The Competition for Great Highway: A Historical Analysis - Introduction
by Nicole Meldahl
February 2022
Everybody is talking about what should be done with Great Highway. Should it be closed to traffic and made into an expansive park activated by community programming? Should it stay open to traffic to ease the commute for those who can’t afford to live and work in San Francisco? Should it be open to cars during the week and made into a recreation sanctuary on weekends and holidays?
Since Western Neighborhoods Project (WNP) is not a political organization, it’s not for WNP to determine the outcome of this politicized debate; that should be the will of a democratic majority. But, these questions compelled us to research how the highway and the land around it have evolved over time. And, as it turns out, there is a long history of competing visions for San Francisco’s westernmost shore.
Great Highway and connecting Point Lobos Avenue exist because wealthy land owners wanted to bring people to the west side where an ever expanding array of amusement options seemingly rose from the sand like magic through the late 19th- and most of the 20th-centuries. Some land owners, like populist Adolph Sutro, sought to give San Franciscans affordable recreation opportunities while others wished to enhance the values of their property and grow their businesses. Often, it was a combination. These roads also exist as a testament to civic pride and the seemingly inevitable march of what we now call gentrification. Not dissimilar to today, community groups like neighborhood improvement clubs; cultural groups formed around common interests, like biking and drag racing; and real estate developers sculpted the landscape according to their desires.

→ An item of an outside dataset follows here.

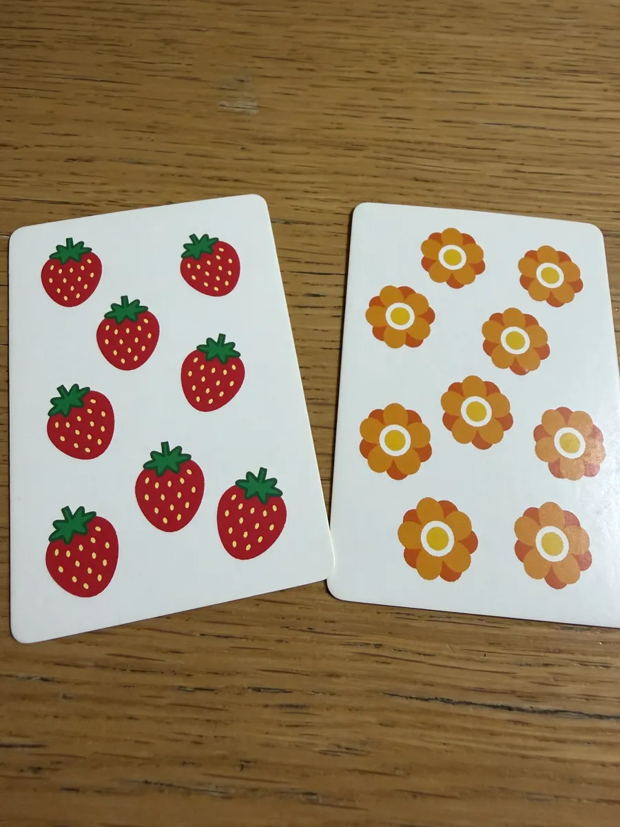 パッケージを見てわかるとおりかずカードは数字面とイラスト面(書かれた数字と同数のイラスト)があって、紹介しているのは数字面を使った場合のやり方ですが、もちろんイラスト面でやることもできます。

View northeast toward Great Highway from Playland to Sutro Heights, June 1969 - Courtesy of a Private Collector
It’s never been contested that San Franciscans and visitors alike deserve easy access to a preserved shoreline that provides a place for them to relax and enjoy its amenities. But this means that any work on these roads must satisfy many overlapping needs. Historically, infrastructural upgrades to both Great Highway and Point Lobos Road have consistently balanced pedestrian access and recreational needs of the time with the ever-increasing prevalence of vehicles, from horse-drawn carriages to the modern automobile. This was (and continues to be) done alongside the herculean task of subduing migrating sand dunes while mitigating other environmental factors, like coastal erosion and waste management needs brought on by encroaching suburbs.
Ultimately, these roads have never just been about transit or public open space; they’re a mirror for the shifting priorities of the people who control the Outside Lands, which are as fluid as the sand beneath them. Whether they were bohemians or capitalists, saloon keepers or city engineers, landowners or shantytown squatters, bicyclists, surfers, or drag racers: Great Highway has gotten them all where they needed to go.
Over the next two months, we’ll explore this history in a series of articles you’ll be able to find on our website, Outsidelands.org, as follows:
1. Beginnings: 1850s - 1880s
2. From Carville to Oceanside: 1890s - 1913
3. Seawalls and Stabilization: 1910s - 1920s
4. Playland and Beyond: 1930s - 1950s
5. The Modern Era: 1960s-1990s
6. The Current Debate: 2020-Now
Stay tuned to see if you can guess where this road will lead us.
View southeast toward Ocean Beach from future Cliff House site, circa 1855 - Marilyn Blaisdell Collection/Courtesy of a Private Collector
Editorial note: This article is the amalgamation of resources created for Western Neighborhoods Project by Woody LaBounty, Christopher Pollock, and Arnold Woods.
The research into this history is ongoing and is not definitive. Any exploration into land ownership in San Francisco could actually be a very short story because this is the unceded ancestral territory of the Ramaytush Ohlone. That’s a complicated history we won’t be digging into here, as is how the land was divided up in the Spanish- and Mexican-eras. Those are subjects which merit their own thoughtful research.